Steak aus dem 3-D-Drucker?

Ähm, lecker? Mahlzeit!

Vegane Steaks aus dem 3D-Drucker? Kein Scherz, du hast richtig gelesen!

Das hat jetzt ein spanisches Start-Up erfunden und die Meinung darüber spaltet das Netz. Für das Gericht werden Proteine aus verschiedenen Pflanzen verwendet, die in Sachen Nährgehalt und Struktur dem Original-Steak ähnlich sind.
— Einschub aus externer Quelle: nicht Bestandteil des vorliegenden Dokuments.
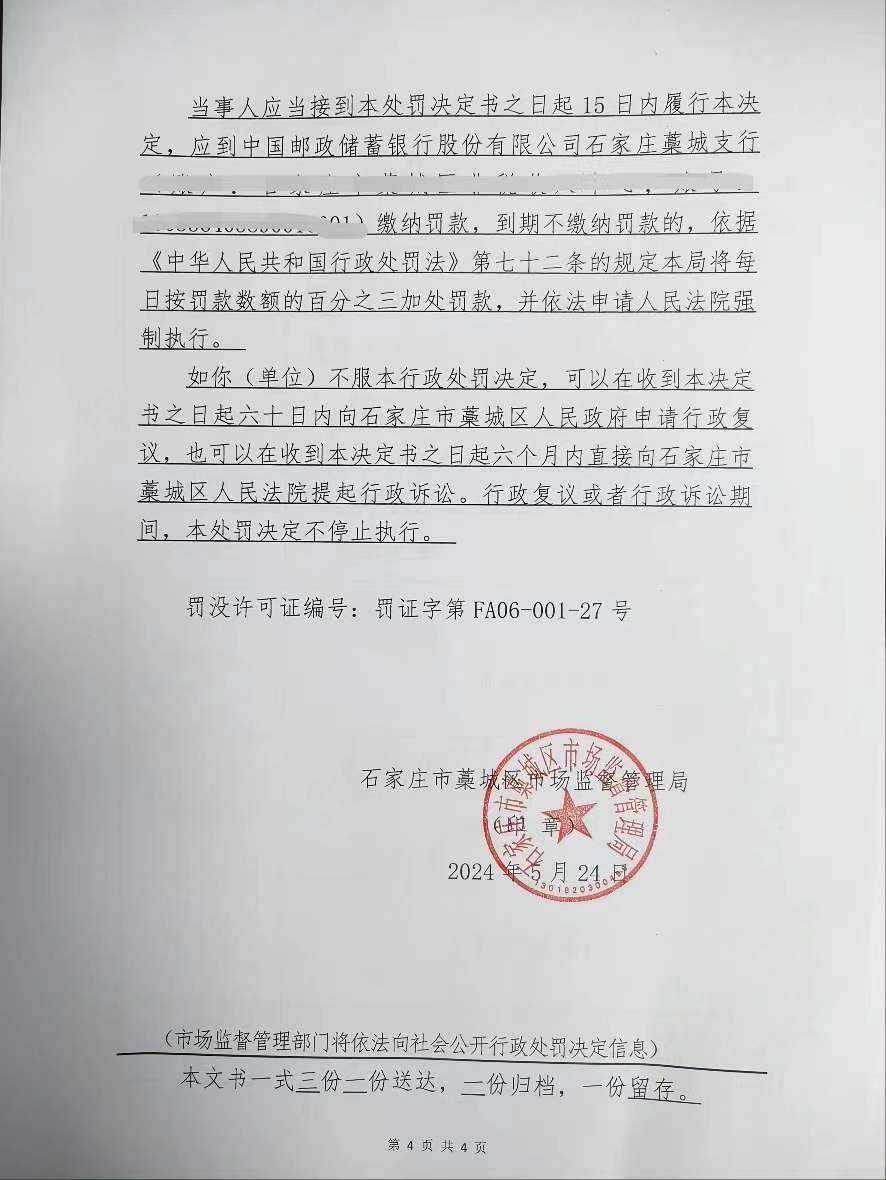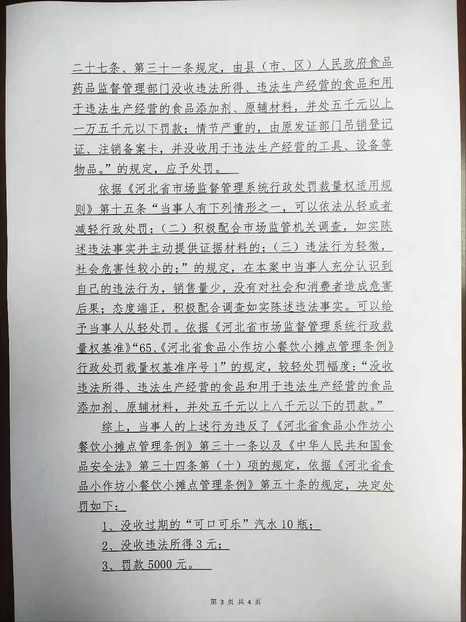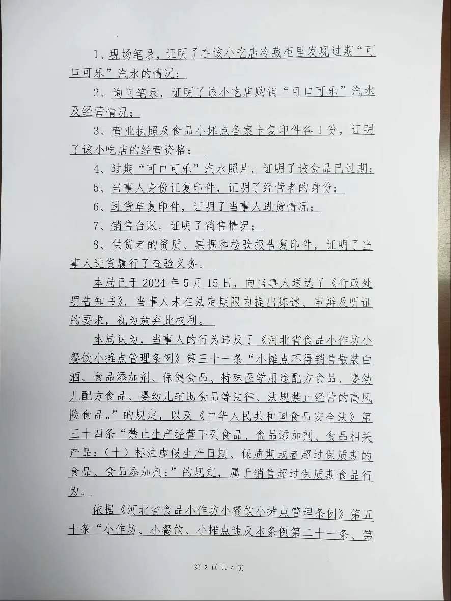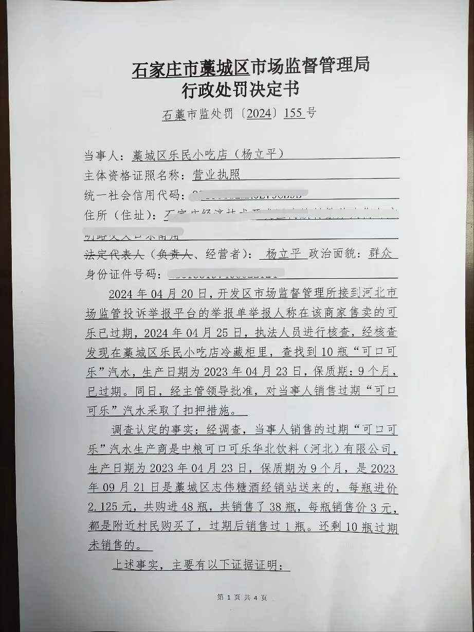 藁城区乐民小吃店(杨立平)销售过期“可口可乐”汽水案 石藁市监处罚〔2024〕155号
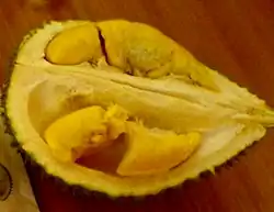 Ce fruit, lui aussi appelé durian, est récolté en Asie du Sud-Est (et au Bangladesh) mais également dans les îles du Pacifique et en Amérique du Sud. On en trouve, par exemple, sur les marchés de Guyane fin mars, début avril. Il se présente comme une grosse baie ovoïde (parfois plus de 40 cm de longueur), pesant jusqu'à kg, avec une carapace de grosses épines et poussant en haut de grands arbres. Il est connu pour son goût particulier et sa forte odeur (à tel point que de nombreux pays d'Asie du Sud-Est l'interdisent dans les lieux publics et dans les transports en commun).
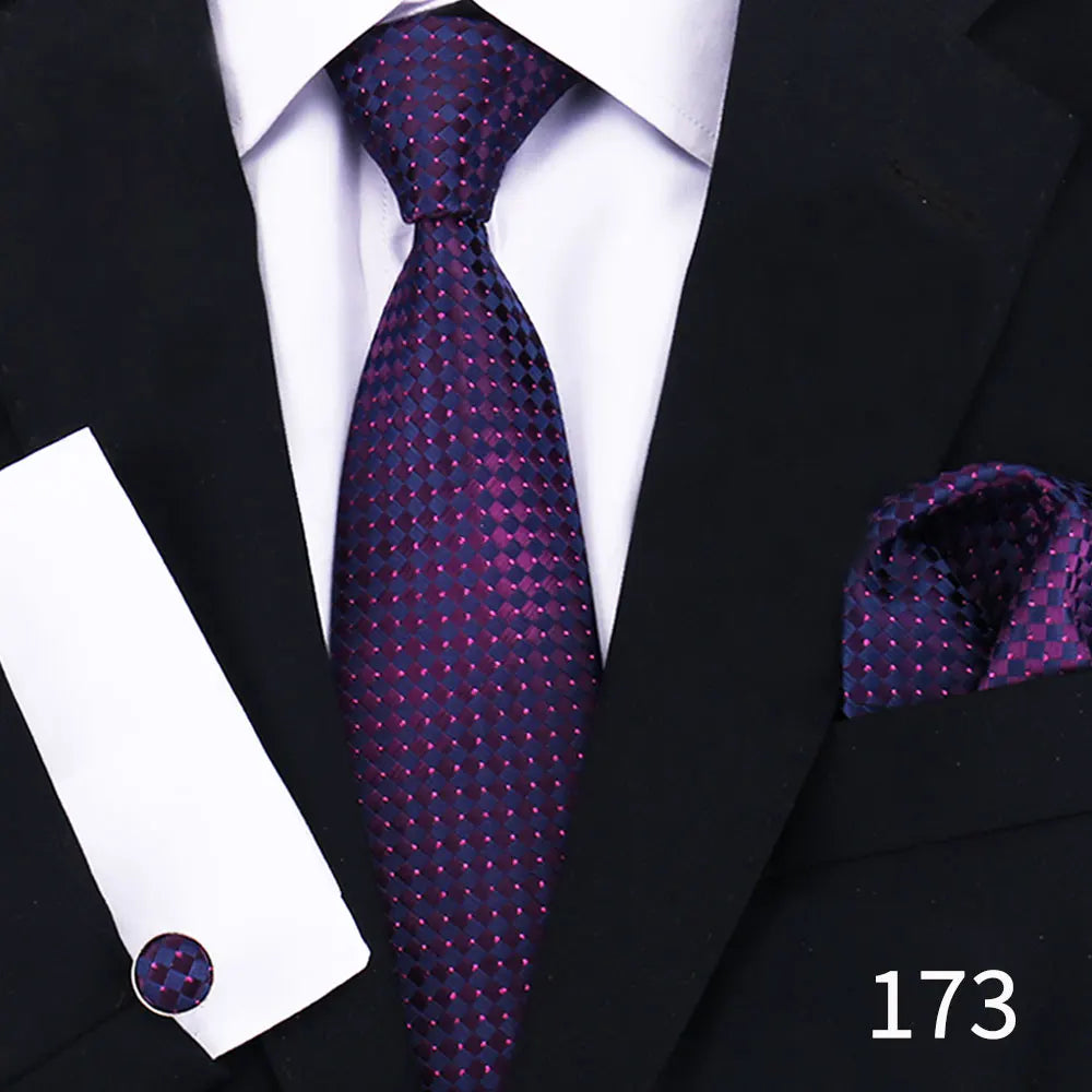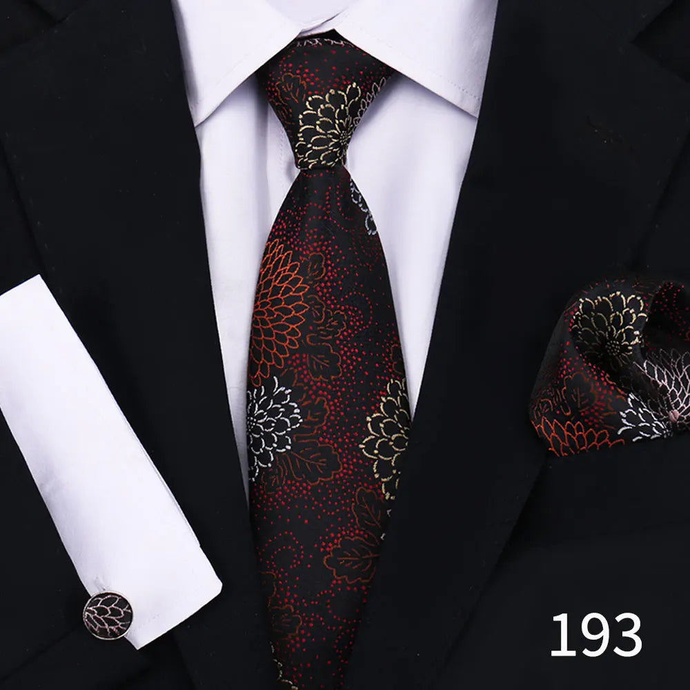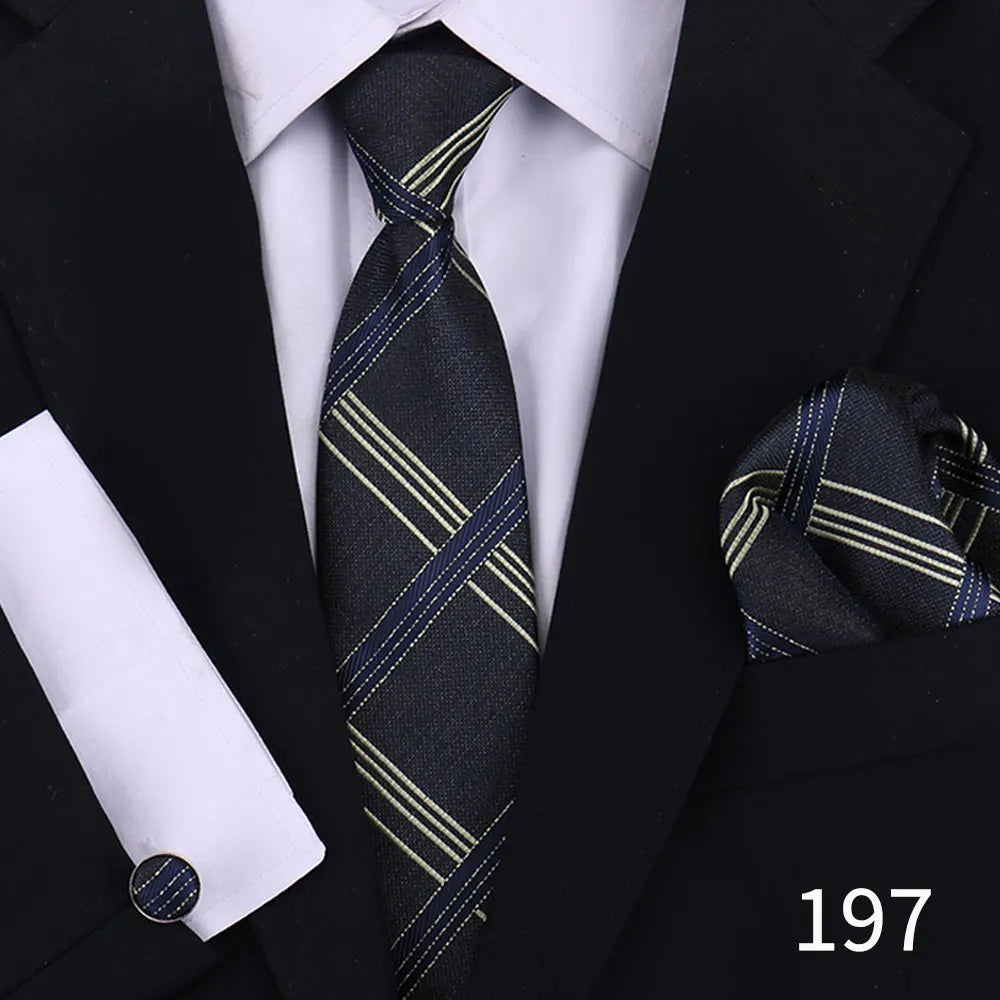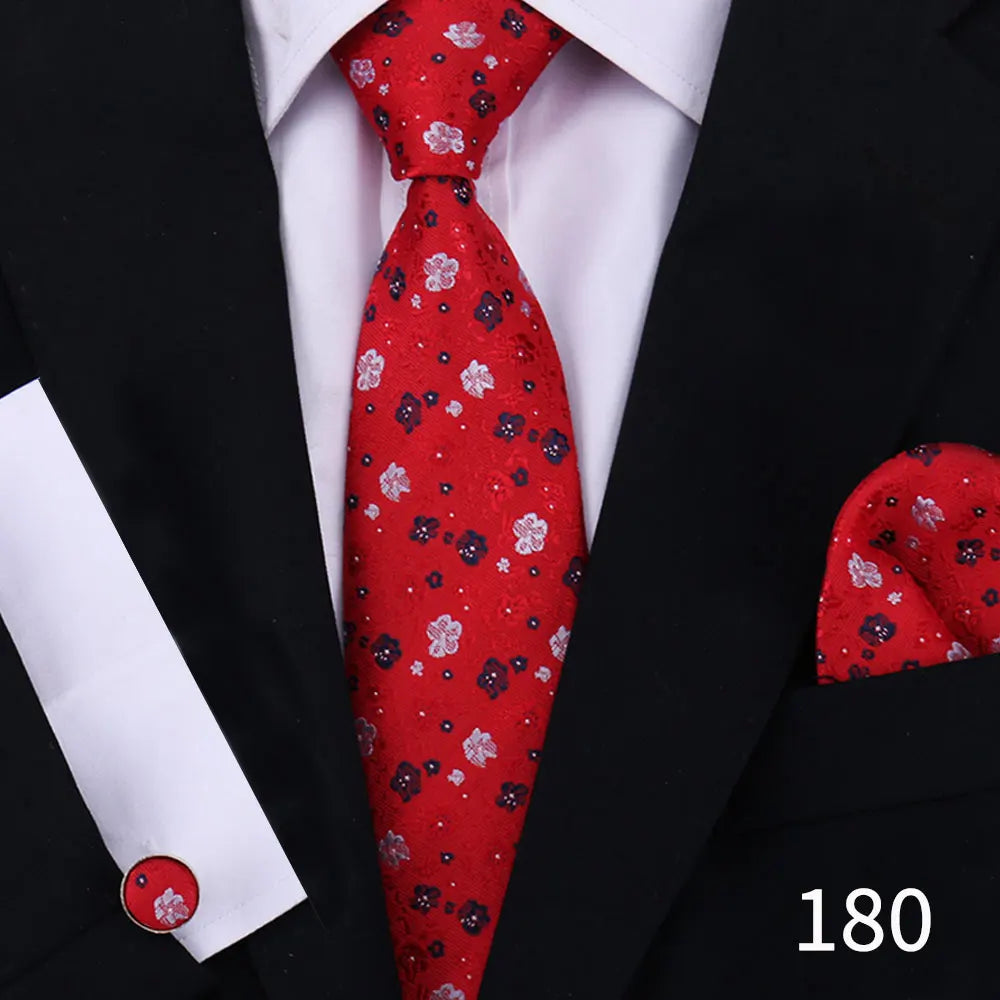 Tie For Men Classic Plaid Handkerchiefs Red Necktie Cufflinks For Men Blouse Business Wedding Accessories Women Collar Man Gift

Diese rote Paste, die aus Reis, Erbsen und Seegras besteht, wird dann in den 3D-Drucker gegeben. Eine halbe Stunde später ist das Steak dann fertig „gedruckt“. Dieses soll sich wie echtes Rind- oder Hühnerfleisch zubereiten lassen und auch eine ähnlich faserige Konsistenz aufweisen. Das 3D-Steak kostet dich dann drei Euro. Die Entwickler sind der Meinung, dass das die Zukunft sein wird.

Noch ist der Herstellungsprozess extrem aufwendig. Die "Kochzeit" soll verkürzt werden, denn die Erzeugung eines 100-Gramm-Steaks dauert momentan fast eine halbe Stunde. Das Pseudofleisch soll aber leicht zu verpacken und auch gut zu transportieren sein.

Wie kommen die Forscher überhaupt auf diese Idee? Sie sind der Meinung, dass die Züchtung von großen Rinderherden für die Fleischproduktion gestoppt gehört. Vegane Ernährung sei insbesondere im Hinblick auf den Klimawandel eine bessere Lösung.

Was sagst du dazu? Würdest du das Steak essen?